Exercise data:
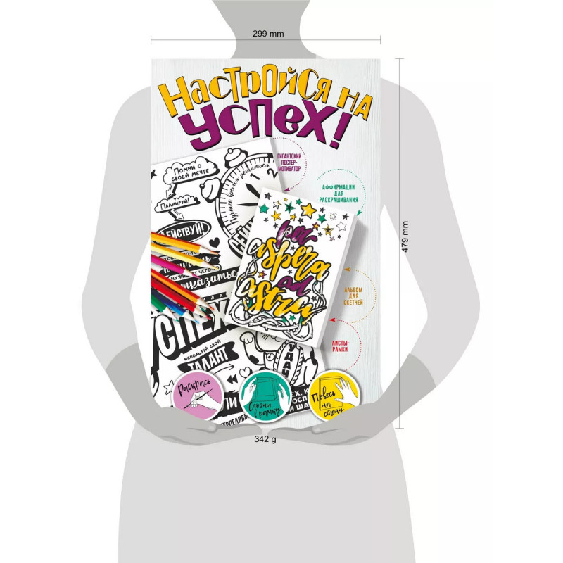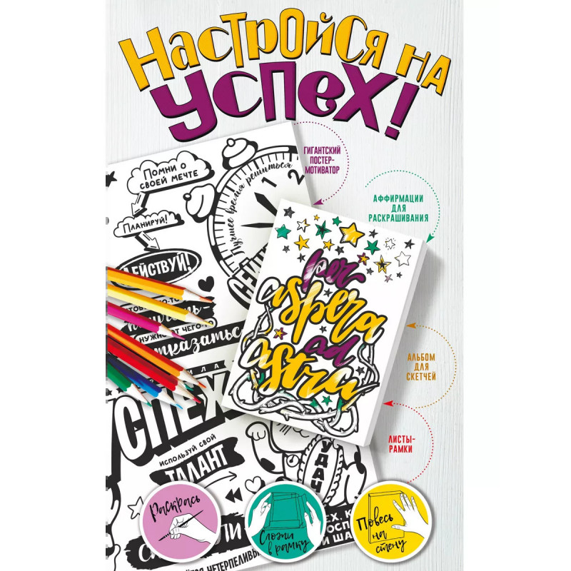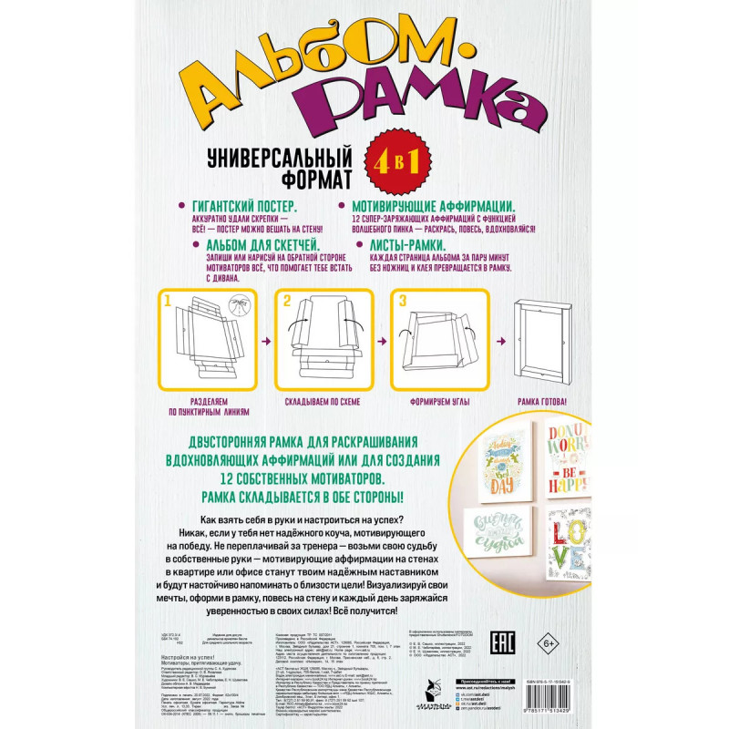 Настройся на успех! Мотиваторы, притягивающие удачу. Гигантский альбом-рамка - формат альбома для быстрого оформления стен рисунками, не требующий дополнительных вложений. Рисунки сразу складываются в готовую рамку! В альбоме плотная бумага - можно рисовать фломастерами, гелиевыми ручками, карандашами. Универсальный формат для творчества. Без ножниц и клея твоя работа в 3 шага складывается в рамку, которую легко повесить на стену. Двухсторонняя рамка для 12 мотиваторов или 12 собственных рисунков. Выбирай! Рамка складывается в обе стороны! Рисуй с одной стороны или раскрашивай с другой. Настройся на успех! Превращай мечты в цели! Рисуй свои желания, раскрашивай мотиваторы, наполняя своей энергией. Вдохновляйся! Повесь свои заряженные позитивом работы на стену, смотри на них каждый день - настраивайся на победу!
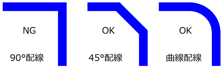 Furthermore, right-angle wiring should be avoided as it can unintentionally cause variations in wiring width. Instead, aim for smoother routing using 45-degree or curved wiring.
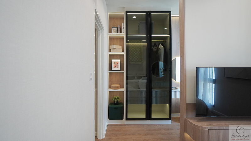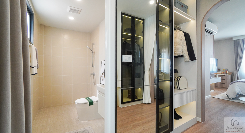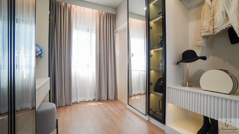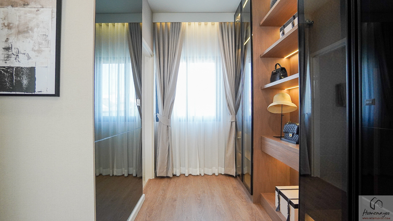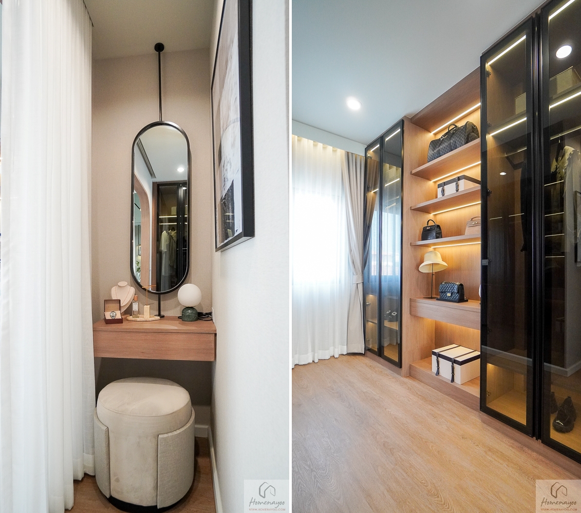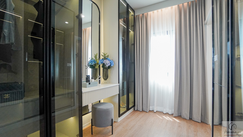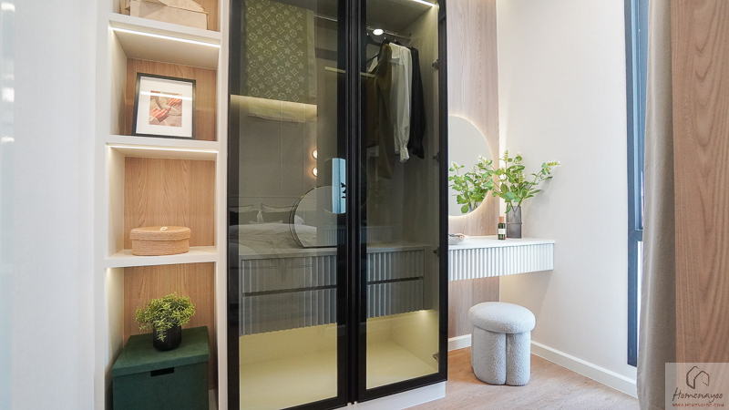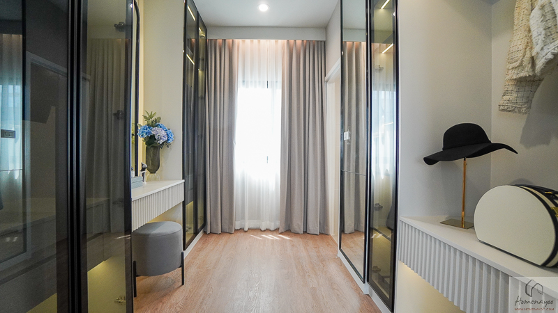 โซน Walk-in Closet สามารถติดตั้งประตูกระจกบานเลื่อนเพื่อกั้นแยกพื้นที่ออกจากส่วนพักผ่อนได้อย่างเป็นสัดส่วน ช่วยเพิ่มความเรียบร้อยและความเป็นส่วนตัวมากขึ้น

Work task:
When you write out the material, reproduce each line exactly and omit any picture it holds.

Written reply:
 Настройся на успех! Мотиваторы, притягивающие удачу. Гигантский альбом-рамка - формат альбома для быстрого оформления стен рисунками, не требующий дополнительных вложений. Рисунки сразу складываются в готовую рамку! В альбоме плотная бумага - можно рисовать фломастерами, гелиевыми ручками, карандашами. Универсальный формат для творчества. Без ножниц и клея твоя работа в 3 шага складывается в рамку, которую легко повесить на стену. Двухсторонняя рамка для 12 мотиваторов или 12 собственных рисунков. Выбирай! Рамка складывается в обе стороны! Рисуй с одной стороны или раскрашивай с другой. Настройся на успех! Превращай мечты в цели! Рисуй свои желания, раскрашивай мотиваторы, наполняя своей энергией. Вдохновляйся! Повесь свои заряженные позитивом работы на стену, смотри на них каждый день - настраивайся на победу!
 Furthermore, right-angle wiring should be avoided as it can unintentionally cause variations in wiring width. Instead, aim for smoother routing using 45-degree or curved wiring.
 โซน Walk-in Closet สามารถติดตั้งประตูกระจกบานเลื่อนเพื่อกั้นแยกพื้นที่ออกจากส่วนพักผ่อนได้อย่างเป็นสัดส่วน ช่วยเพิ่มความเรียบร้อยและความเป็นส่วนตัวมากขึ้น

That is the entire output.